Below is a listing; print exactly its lines from the one containing "Ancient street of Philippopolis." down to the one containing "Rutherford's Monument, Anworth", both inclusive, with every picture left out.

■ **Material provided**:

────────────────────────────────────────

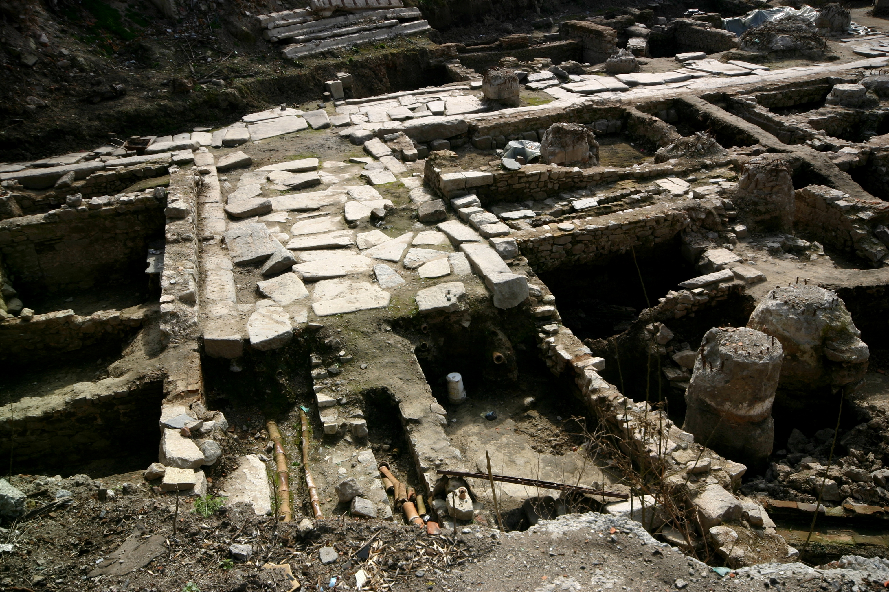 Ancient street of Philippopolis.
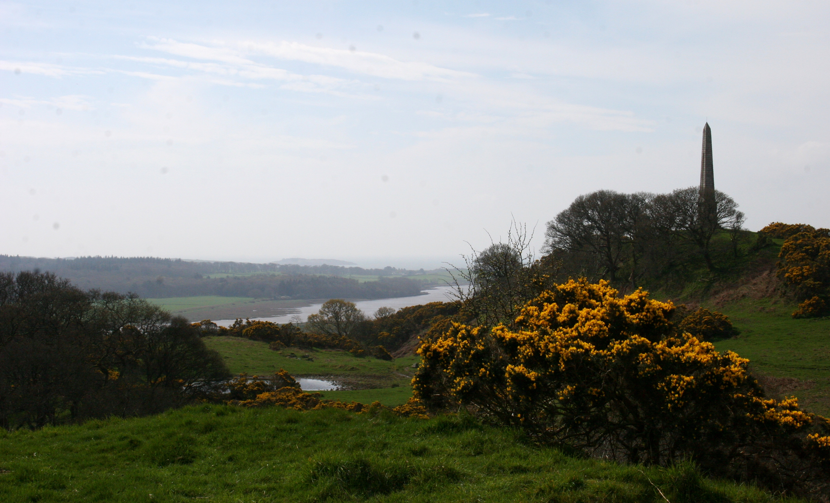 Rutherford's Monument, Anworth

────────────────────────────────────────

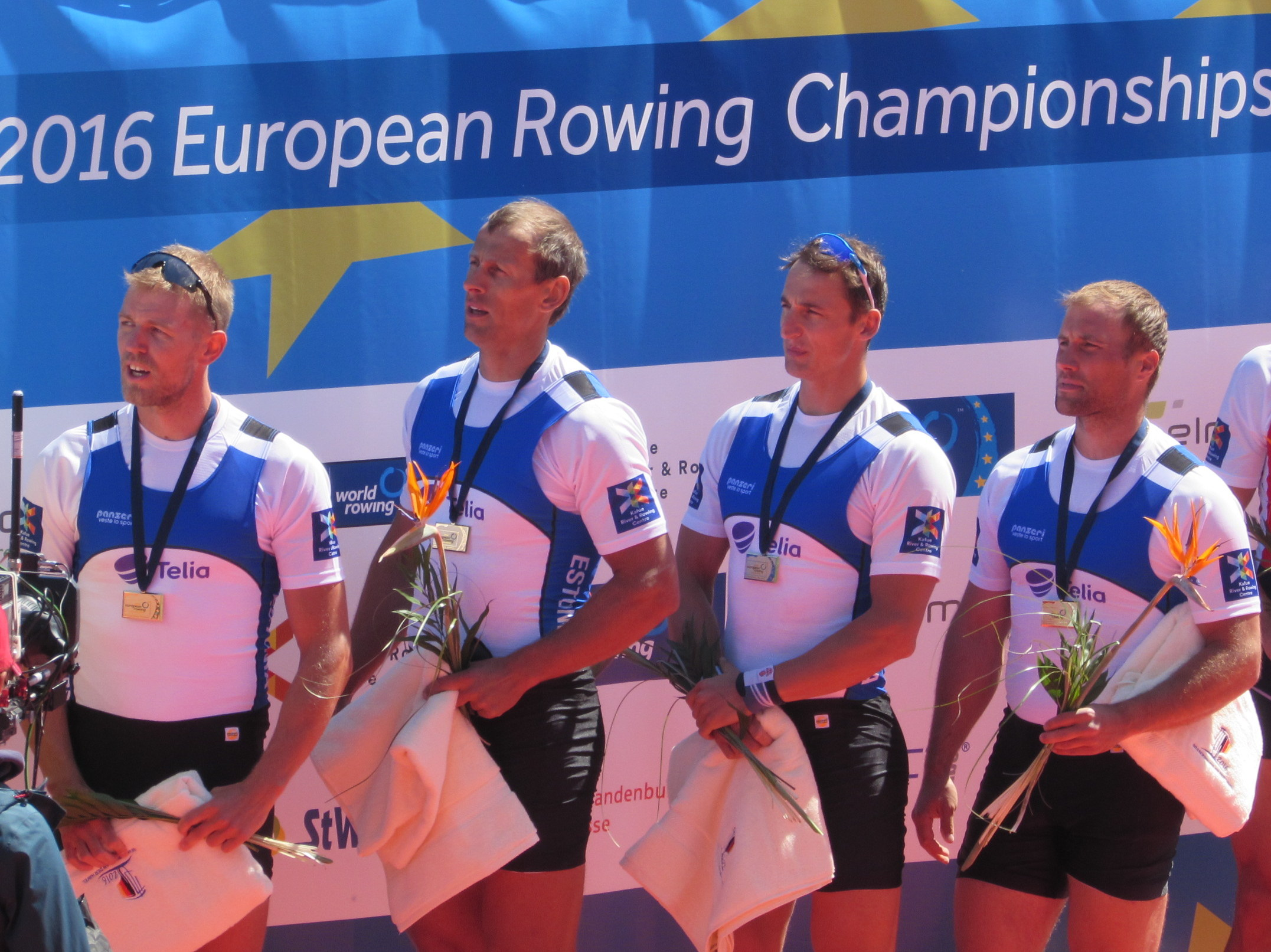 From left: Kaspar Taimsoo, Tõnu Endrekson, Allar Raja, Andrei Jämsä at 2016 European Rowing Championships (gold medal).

────────────────────────────────────────

■ **Reply**:
 Ancient street of Philippopolis.
 Rutherford's Monument, Anworth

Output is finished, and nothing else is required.